Research output: Contribution to journalArticlepeer-review

Abstract

Background Babies with low birthweight (<2500 g) are at increased risk of early mortality. However, low birthweight includes babies born preterm and with fetal growth restriction, and not all these infants have a birthweight less than 2500 g. We estimated the neonatal and infant mortality associated with these two characteristics in low-income and middle-income countries. Methods For this pooled analysis, we searched all available studies and identified 20 cohorts (providing data for 2015019 livebirths) from Asia, Africa, and Latin America that recorded data for birthweight, gestational age, and vital statistics through 28 days of life. Study dates ranged from 1982 through to 2010. We calculated relative risks (RR) and risk differences (RD) for mortality associated with preterm birth (<32 weeks, 32 weeks to <34 weeks, 34 weeks to <37 weeks), small-for-gestational-age (SGA; babies with birthweight in the lowest third percentile and between the third and tenth percentile of a US reference population), and preterm and SGA combinations.
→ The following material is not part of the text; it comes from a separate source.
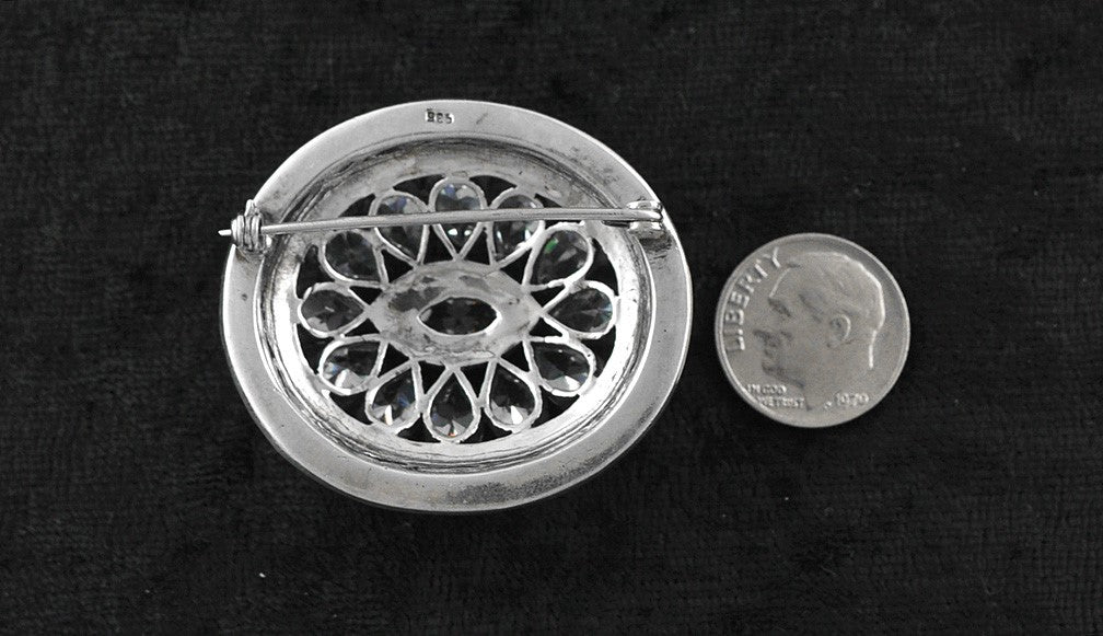 Beautiful Oval Synthetic Stone and Marcasite Sterling Silver Pin Brooch

Findings Pooled overall RRs for preterm were 6·82 (95% CI 3·56-13·07) for neonatal mortality and 2·50 (1·48-4·22) for post-neonatal mortality. Pooled RRs for babies who were SGA (with birthweight in the lowest tenth percentile of the reference population) were 1·83 (95% CI 1·34-2·50) for neonatal mortality and 1·90 (1·32-2·73) for post-neonatal mortality. The neonatal mortality risk of babies who were both preterm and SGA was higher than that of babies with either characteristic alone (15·42; 9·11-26·12). Interpretation Many babies in low-income and middle-income countries are SGA. Preterm birth affects a smaller number of neonates than does SGA, but is associated with a higher mortality risk. The mortality risks associated with both characteristics extend beyond the neonatal period. Differentiation of the burden and risk of babies born preterm and SGA rather than with low birthweight could guide prevention and management strategies to speed progress towards Millennium Development Goal 4 - the reduction of child mortality.

Original languageEnglish (US)
Pages (from-to)417-425
Number of pages9
JournalThe Lancet
Volume382
Issue number9890
DOIs
StatePublished - 2013

ASJC Scopus subject areas

  • Medicine(all)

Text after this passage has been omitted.